Add whatever packages you wish here

import numpy as np
import matplotlib.pyplot as plt
import scipy
import pandas as pd
import torch
import jax
import jax.numpy as jnp
from jax import grad, hessian
import torch.nn as nn
import torch.optim as optim
from jax import random
import optax
import jax_dataloader as jdl
from jax_dataloader.loaders import DataLoaderJAX
from flax import nnx
from openai import OpenAI
import wandb
import jsonargparse

Question 1: W&B Logging and CLI (JAX NNX)

For the linear regression examples with PyTorch we added in linear_regression_pytorch_logging.py logging and a CLI interface — which came for free with PyTorch Lightning.
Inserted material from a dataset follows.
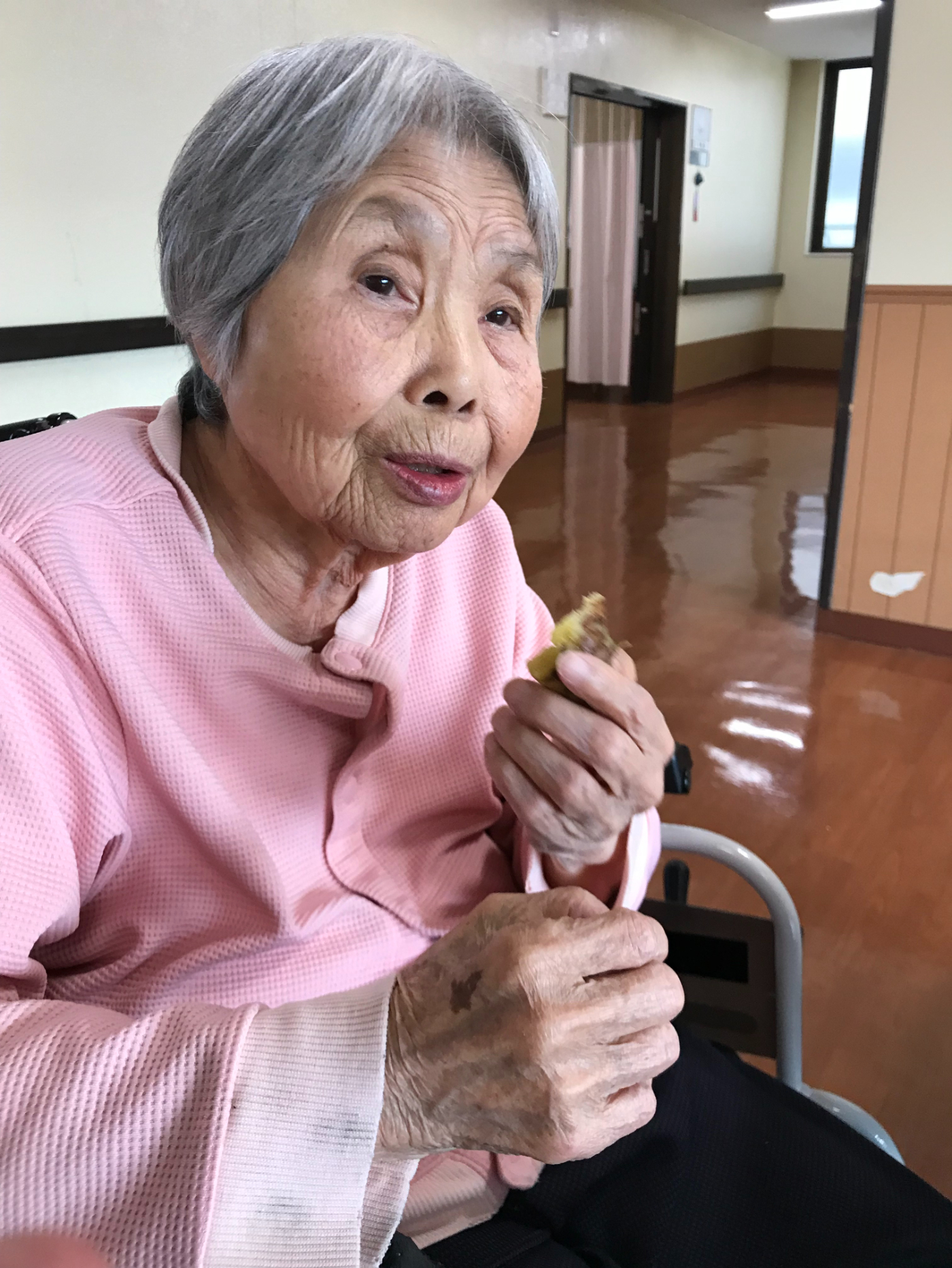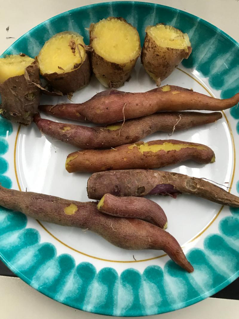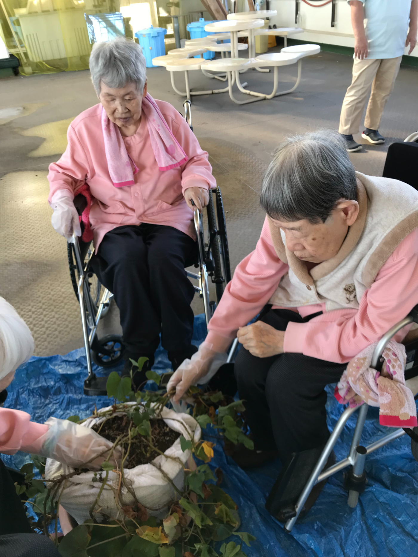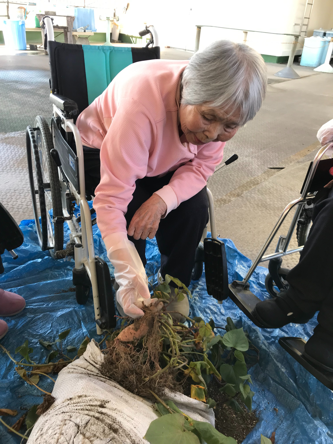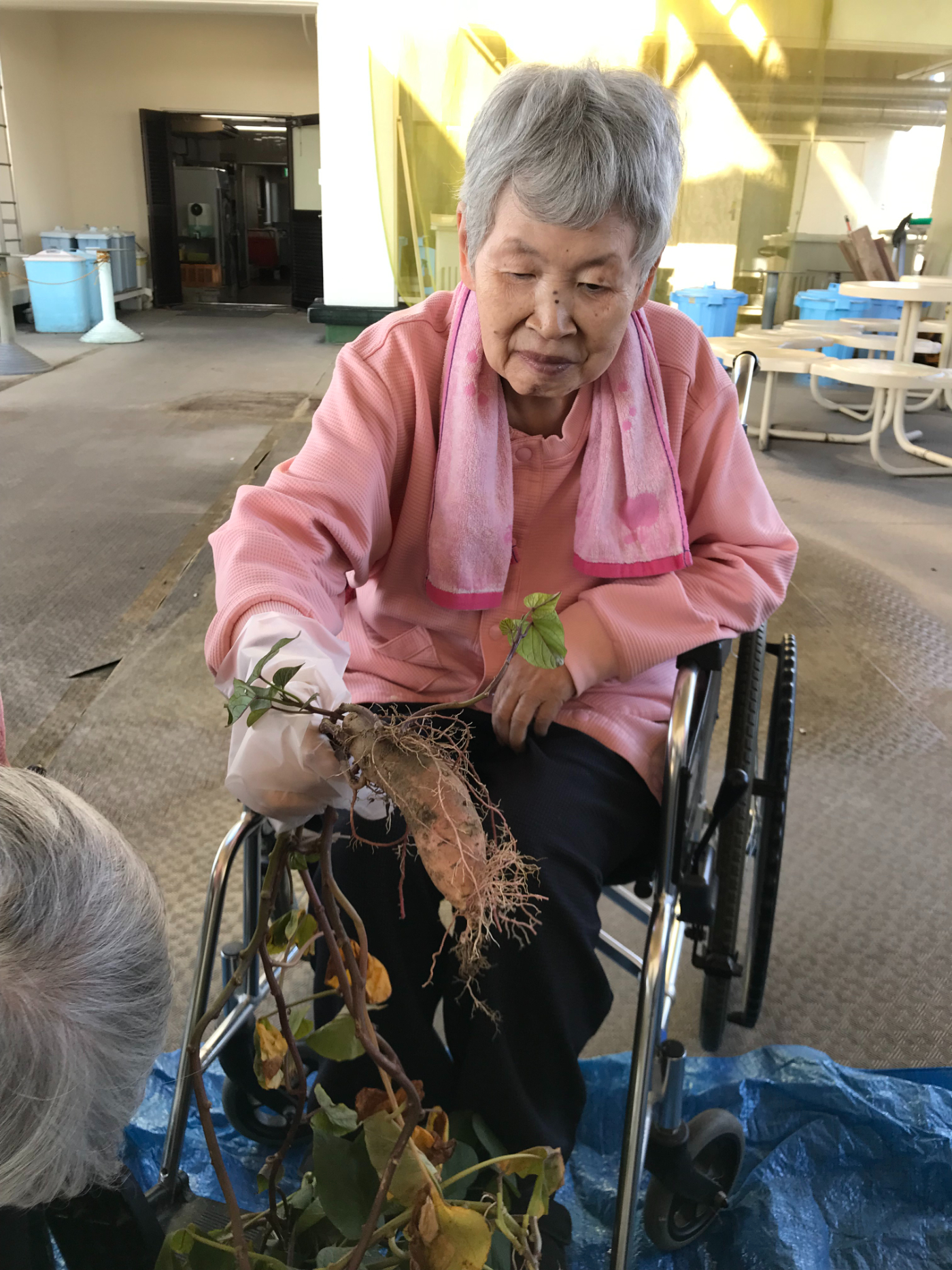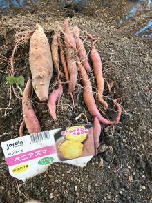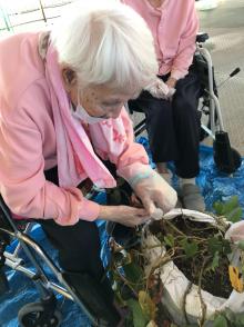今日は天気も良く暖かかったので屋上へ芋ほりに出かけました。皆さん気合を入れてお芋を探しましたが小さなお芋が少しみつかりちょっと残念と思っていたら「天気もいいしみんなでこんな事が出来て楽しいよ」と前向きな言葉を頂きホッとしました。でも小さくてもきっと甘いよね、少ないからみんなで食べようね!と厨房で蒸してもらいおやつの時に持っていくと「美味しいよ!小さくても甘いよ」と好評でした。

In this question you will add in some of those features to the linear_regression_jax_nnx.py example.

Question 1.1: Add W&B Logging

Take the linear_regression_jax_nnx.py copied below for your convenience and:

  1. Setup W&B properly
  2. Add in logging of the train_loss at every step of the optimizer
  3. Remove the other epoch printing, or try to log an epoch specific ||theta - theta_hat|| if you wish
  4. Log the end ||theta - theta_hat|| at the end of the training
# MODIFY CODE HERE
import jax
import jax.numpy as jnp
from jax import random
import optax
import jax_dataloader as jdl
from jax_dataloader.loaders import DataLoaderJAX
from flax import nnx

N = 500  # samples
M = 2
sigma = 0.001
rngs = nnx.Rngs(42)
theta = random.normal(rngs(), (M,))
X = random.normal(rngs(), (N, M))
Y = X @ theta + sigma * random.normal(rngs(), (N,))  # Adding noise

def residual(model, x, y):
    y_hat = model(x)
    return (y_hat - y) ** 2

def residuals_loss(model, X, Y):
    return jnp.mean(jax.vmap(residual, in_axes=(None, 0, 0))(model, X, Y))

model = nnx.Linear(M, 1, use_bias=False, rngs=rngs)

lr = 0.001
optimizer = nnx.Optimizer(model, optax.sgd(lr), wrt=nnx.Param)

@nnx.jit
def train_step(model, optimizer, X, Y):
    def loss_fn(model):
        return residuals_loss(model, X, Y)
    loss, grads = nnx.value_and_grad(loss_fn)(model)
    optimizer.update(model, grads)
    return loss


num_epochs = 1000
batch_size = 512
dataset = jdl.ArrayDataset(X, Y)
train_loader = DataLoaderJAX(dataset, batch_size=batch_size, shuffle=True)
for epoch in range(num_epochs):
    for X_batch, Y_batch in train_loader:
        loss = train_step(model, optimizer, X_batch, Y_batch)

    if epoch % 100 == 0:
        print(
            f"Epoch {epoch},||theta - theta_hat|| = {jnp.linalg.norm(theta - jnp.squeeze(model.kernel.value))}"
        )

print(f"||theta - theta_hat|| = {jnp.linalg.norm(theta - jnp.squeeze(model.kernel.value))}")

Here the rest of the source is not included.